Crating identifiers: The CRS data set contains information about purpose of the funding flow in form of the purpose code, as well as other valuable information in other markers such as the gender marker (add link to resource) or the certain channel codes (41146 for UN Women). Table 1 lists all added identifiers.

df_crs <- df_crs %>%
  mutate(scb = ifelse(purposecode == 16062, 1, 0), # Statistical capcity building identifier
         pop = ifelse(purposecode == 13010, 1, 0), # population policy identifier
         gen_ppcode = ifelse(purposecode %in% c(15170:15180), 1, 0), # add gender purpose code identifier
         gen_marker = ifelse(gender == 1 & !is.na(gender), 1, 0), # add gender marker (0 - no gender, 1 - primary purpose, 2 - secondary)
         gen_donor = ifelse(channelcode == 41146, 1, 0), # all projects from UN Women
         gen_sdg = str_detect(sdgfocus, "^5|,5")) # SDG 5: Gender equality

Figure 2.1: Diagram of the data preparation process.

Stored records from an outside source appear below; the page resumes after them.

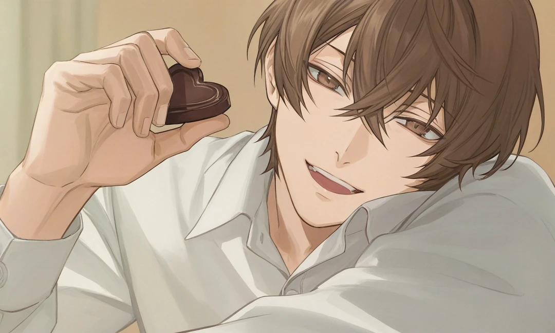 加賀美ハヤトは、普段から感情の手綱を強く握っている。 相手を尊重する気持ちが先に立ち、好意があっても不用意に距離を詰めない。触れたい、伝えたいと思うほど、理性で抑え込む癖がある。だから彼の“好き”は、表に出ない代わりに、内側で静かに積もっていく。 バレンタイン当日、ユーザーから差し出されたチョコを前に、彼は一人で食べる選択をしなかった。 「せっかくですから、一緒に」——同じものを同時に味わうことで、上下や遠慮を作らないためだ。 結果として、二人は同時に“ふにゃふにゃ”になる。 距離が近くなる。視線が長く留まる。言葉が素直になる。 「好き」「触れたい」という本音が、優しい速度で溢れていく。もう隠さない。 この日を境に、彼は「好きな気持ちを我慢し続ける人」から、「好きだと伝えながら守る人」へ変わっていく。
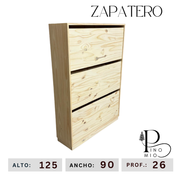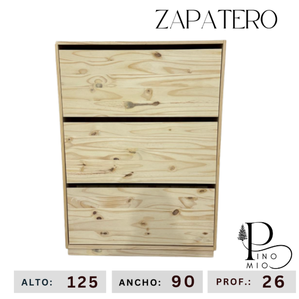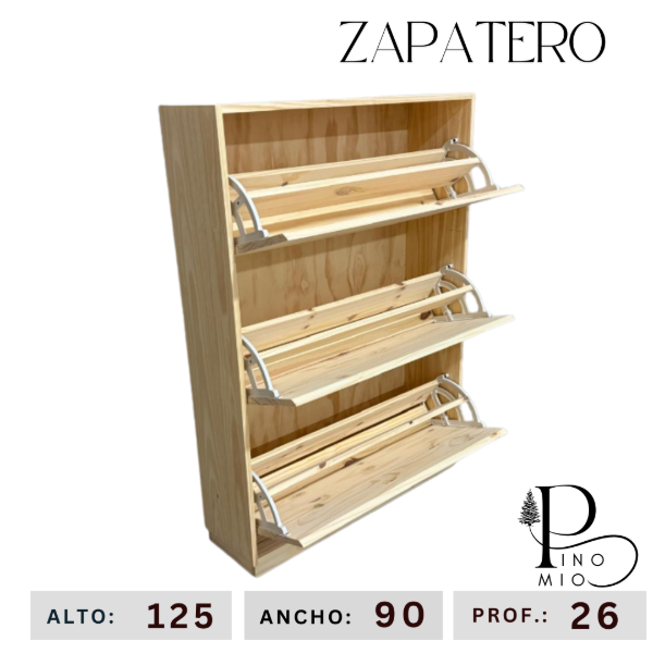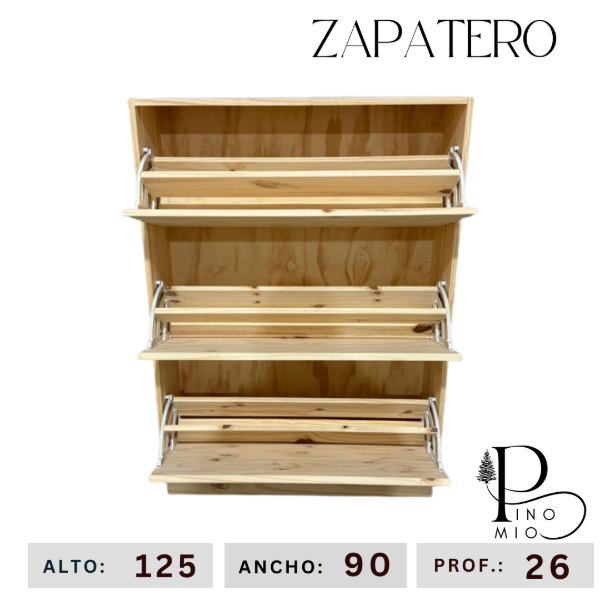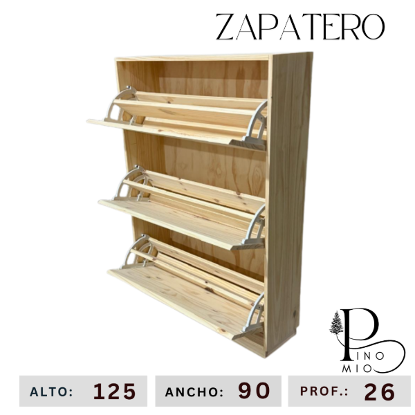 Ahorrá espacio con este zapatero para 18 pares aproximadamente, práctico y funcional. La madera de pino es con nudos y vetas. Se entrega masillado y lijado, listo para pintar.
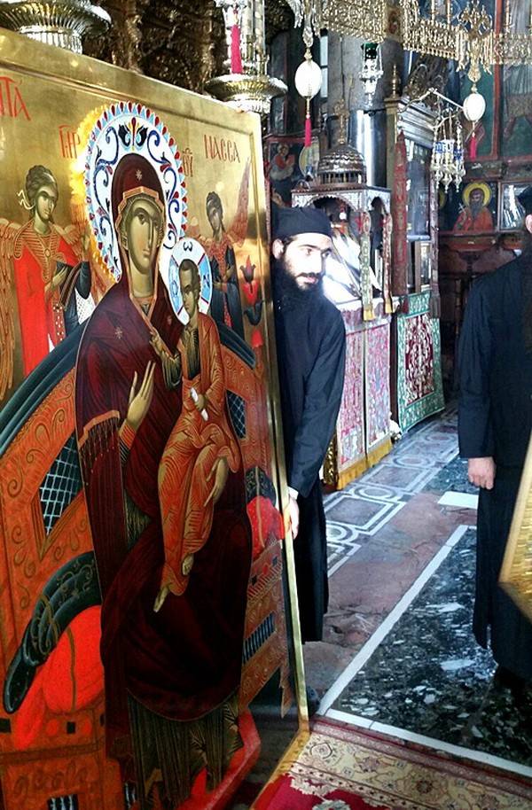 Новонаписанный образ был принесен монахами в соборный храм Ватопедского монастыря. Митрополит Сергий совершил освящение иконы и приложил старинный чудотворный образ к новонаписанному лику. При торжественном событии присутствовал настоятель Ватопедского монастыря архимандрит Ефрем и братия святой обители.
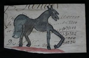Rare Amish Childs Ledger Paper Watercolor Painting of a Horse c.1840s
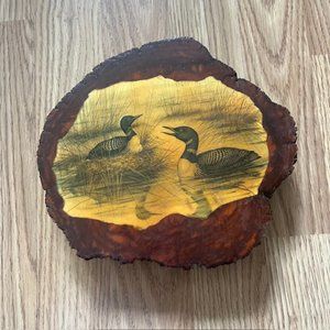 varnished vintage log wood wall plaque two birds thick

2.3 A: Title pattern matching

In the following, the process of matching pertinent keywords in project titles is outlined (see Fig. 2.2 for a comprehensive overview).

Preparing the data

In the first step, the language of both title and description is detected using Google’s Compact Language detector 2 (CLD2). It can detect 83 different languages and exceeds similar language detection engines by as much as 10x in speed. Analyzing the language distribution is crucial to a refined classification since text in every language has to be treated differently, using different keywords for the subsequent title pattern matching and fitting a different machine learning model later on. Therefore, the procedure was applied to projects in English, French, Spanish and German since these make up the majority of detected languages. This was implemented by selecting only projects with combinations of (title_language, long_language) in (en, fr, es, de, NA) x (en, fr, es, de, NA) while excluding the (NA, NA) combination. This combination was excluded since CLD2 in a vast majority of cases detects NA if the text is very short or nonsensical.

To give an overview how many projects are analyzed using this method, this approach encompasses 3.145.387 (90.6%) projects while 23.4020 (6.7%) were excluded for being (NA, NA) projects. That leaves 90241 (2.6%) projects that were excluded because they were either wrongly detected or belong to some minor reporting languages (e.g. Norwegian, Portuguese or Polish with a significant fraction within the 2.6% of excluded projects).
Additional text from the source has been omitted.